Singaporean boat captain Ricky Tan sentenced to probation, free to return home next week

Ricky Tan Poh Hui was given probation and a 5 million rupiah (S$524.50) fine.
Ricky Tan Poh Hui was given probation and a 5 million rupiah (S$524.50) fine. PHOTO: F. PANGESTU

JAKARTA - Fishing boat captain Ricky Tan Poh Hui is free to return home to Singapore after he pleaded guilty and was sentenced to six months' probation on Wednesday (April 26) for trespassing in Indonesian waters in August last year.

The Tanjung Pinang District Court declared him a free man after slapping him with probation and a 5 million rupiah (S$524.50) fine, but agreed with the prosecution that if Tan were to re-offend during his probation period, he will be jailed for three months.

Presiding Judge Jhonson Sirait said the verdict was in line with what prosecutors had demanded against Tan. "This is a guilty verdict, which serves to teach a lesson to the defendant and other parties," he added.

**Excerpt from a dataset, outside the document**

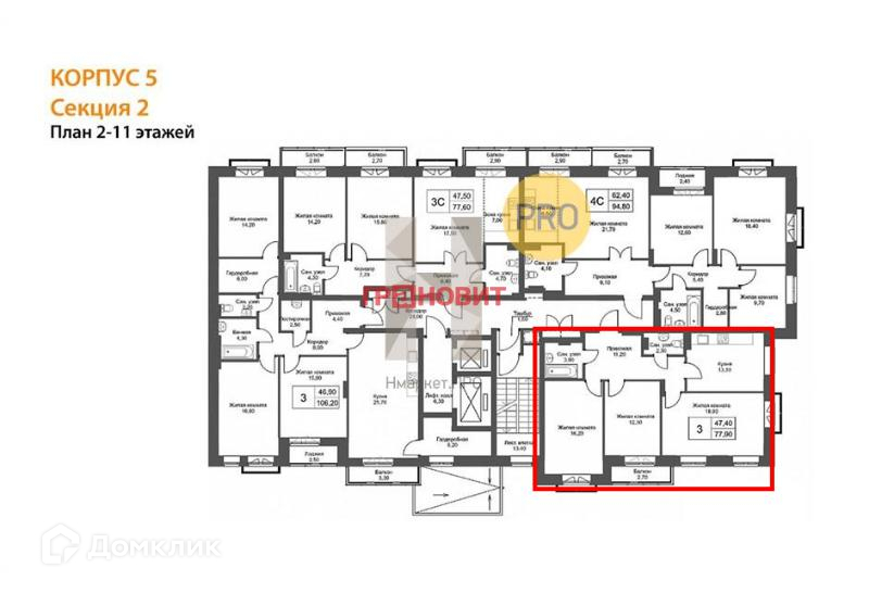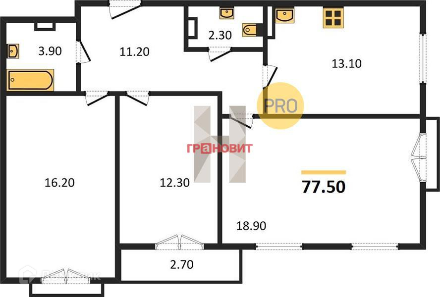 Общая площадь 77.5 м2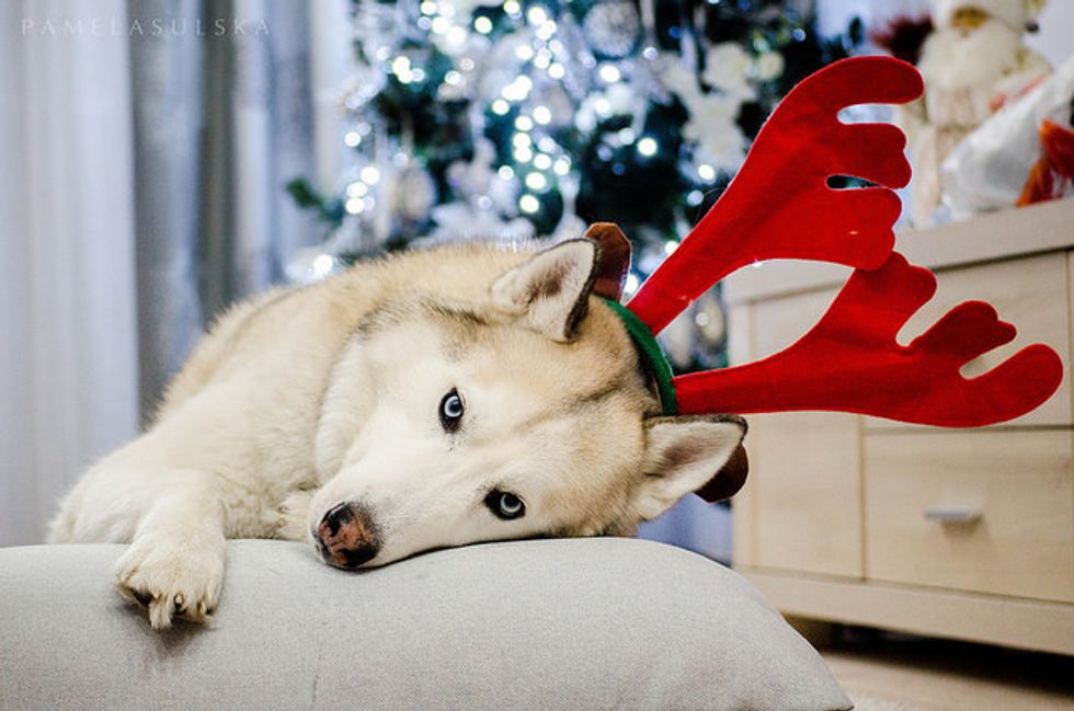 This reindeer is looking a little, husky? While this Siberian Husky might be dressed as a reindeer, his ancestors once herded them. Huskies were bred to be sled dogs, and carry heavy loads on sleds long distances.

Tan told The Straits Times over the phone: "I'm very happy, and relieved that this matter has come to a conclusion." He added that he looks forward to reuniting with his family, and feels like a weight has lifted from his chest.

But he declined to elaborate further on his experience during his detention.

Tan was at the helm of the Seven Seas Conqueress when he was stopped by an Indonesian navy patrol on Aug 20 last year in waters off Bintan island, according to prosecutors.

His three-member crew and nine passengers were released 12 days after their boat was detained, but the 45-year-old captain has remained in the navy's custody since August last year.

Defence lawyers had argued during the earlier stages of his trial that the engine of the Seven Seas Conqueress had stalled and the vessel had drifted into Indonesian waters momentarily due to the breakdown.

They were also planning to present evidence to prove that Tan and the Malaysia-flagged charter boat were heading towards "Batu Puteh" instead of Indonesia.

Pulau Batu Puteh is the name Malaysia uses for Pedra Branca, an island located about 40km from the east coast of Singapore. Last month, Malaysia filed an application to overturn a 2008 judgment by the International Court of Justice awarding Pedra Branca to the Republic.

Tan's lawyer Purwanto Putro said he may be free to return to Singapore as early as Thursday but The Straits Times understands that the process may take a week before he can be deported.

Prosecutor Supardi also said the state still has a week to decide whether to appeal against the verdict before commencing deportation procedures.

Tan is the second Singaporean boat captain after Shoo Chiau Huat to have been detained for such an extended period in Tanjung Pinang by Indonesian authorities.

Shoo, who is the captain of the MV Selin, was arrested by the Indonesian Navy on April 16 last year in Tanjung Berakit waters, off Bintan island.

A court found him not guilty of illegal fishing in July last year but he was charged with immigration offences after his acquittal.

In January, he decided to plead guilty to the charge of entering Indonesia illegally, and paid the fine last month in the hope of being released. But on April 4 he was charged with sailing in Indonesia's waters without a permit under the country's shipping laws.

His extended detention had prompted Singapore's Ministry of Foreign Affairs to send a diplomatic note to its Indonesian counterpart late last year.